In an embodiment of invention, the device (A) consist of piezo drivers, electromagnetic or electro-static actuators (009) to give haptic feedback as illustrated in figure 1A when there is any notification or increase or decrease in audio volume or auto diopter adjustment.
In an embodiment of invention, the integration of IMU sensors into the sensing circuitry (016) facilitates real-time tracking of the user's head movements, providing precise data on rotation along multiple axes. The coupling of said sensor data with spatial audio processing, the audio output dynamically adjusts based on the user's head orientation(046 and 048) as illustrated in figures 9(a) and 9(b). For instance, when the user rotates their head to the right the processing circuit detects the rotation based on the data from Gyroscope in IMU and consequently making the audio sources on the right side (046) become louder(047), and to the left side ( 048) the audio becomes higher from left (049). Said synchronized audio feedback enhances the immersive experience of virtual or augmented environments and realism for the user. Also when the device is used as AR/VR/MR presence of IMU can help in interacting with the virtual world objects when the virtual objects are overlaid on to the physical environment and display adjustment based on the orientation of the user's head.
A haptic feedback as illustrated in figure 10 is adopted for alerting the user about notifications from the connected device (030) and providing intuitive feel to the user. The device (A) with piezo drivers or electrostatic or electromagnetic actuators provides haptic feedback that feels more realistic for the users for the functionalities like volume increase or decrease, power on, power off, taking pictures , next/previous songs when listening to music and when connected to other devices and also gives notification alerts from the connected device.

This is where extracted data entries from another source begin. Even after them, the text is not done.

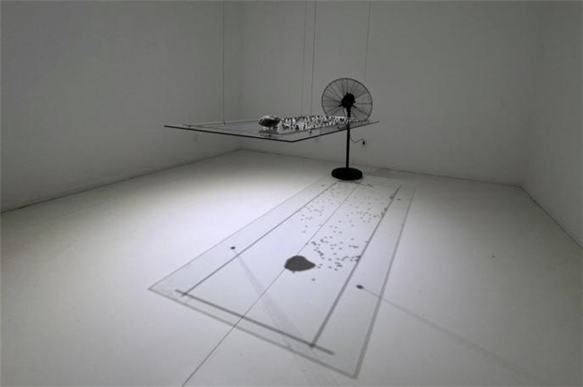 在作品《风动》中,张琪凯通过四根钢丝绳固定的长方形玻璃板,上面放置石头以及百余粒白色、黑色玻璃珠,在电风扇的左右摆动中,这些玻璃珠不断地被风吹到高处,又在没有风的时候落到低处。这些珠子滚动起来的感觉很像海浪,而这种“水”的意象恰好与“风”形成了一种微妙的关系,这是否体现出了中国古代哲学中五行相生相克的思想呢?
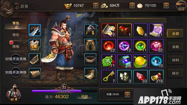 23到25级也是一个需要提升战力的阶段,在这里我推荐一个最简单经济的方式来加强战力——提升装备品质。简单来说,就是将自己的绿色装备提升到蓝色装备,并根据等级进行强化。人物总共有8件装备,每件装备由绿色升级到蓝色都需要图纸和25个锻造石,所有的图纸我们都可以从鏖战英魂中的BOSS身上获得,而锻造石的获得更加简单,只需要刷相应的掉落关卡即可获得。将所有的装备提升到蓝色之后,我们只需点击一下推荐强化按钮,系统就可将装备升级到与人物相匹配的等级,非常方便。
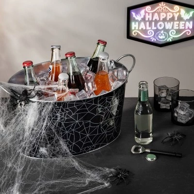 Thrill guests with a spooktacular setup using the Spiderweb Metal Halloween Beverage Tub from Hyde & EEK! Boutique™. This black beverage tub is covered with an allover spiderweb design for frightening appeal. Made with metal, the tub is suitable for cold beverages and comes with side handles for convenient carrying. Simply fill it with ice cubes and add cans or bottles of drinks to let your guests help themselves.
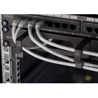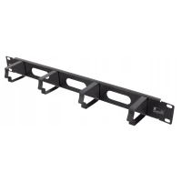 Umożliwia łatwe zarządzanie kablami w 19-calowych szafach serwerowych. Szczotka pośrodku chroni złącza przed kurzem.

In an embodiment of invention, the device (A) is integrated with filtering algorithm used for conversion of received pdm, I2S or other such microphone (014) signals to PCM signals or other required output formats, which are then processed by processing circuit (018) to give the audio output to the open ear(006) or bone conduction speaker(007) based on the operating mode, with modulated audio levels as per the ambient sound levels sensing. The algorithm captures and transfer signals using the I2S, PDM or other such communication protocols which can stream the continuous signals from the microphones(014) to the processing circuitry(018). The algorithm may be incorporated in any head mounted device configurations like Audio, AR/VR/MR and spatial computing devices to connect to other devices for data exchange and control using transceivers(015) which gives personalized and immersive audiovisual experience; since the open ear sound systems causes audio leak into surrounding environment making privacy of the users a concerning issue.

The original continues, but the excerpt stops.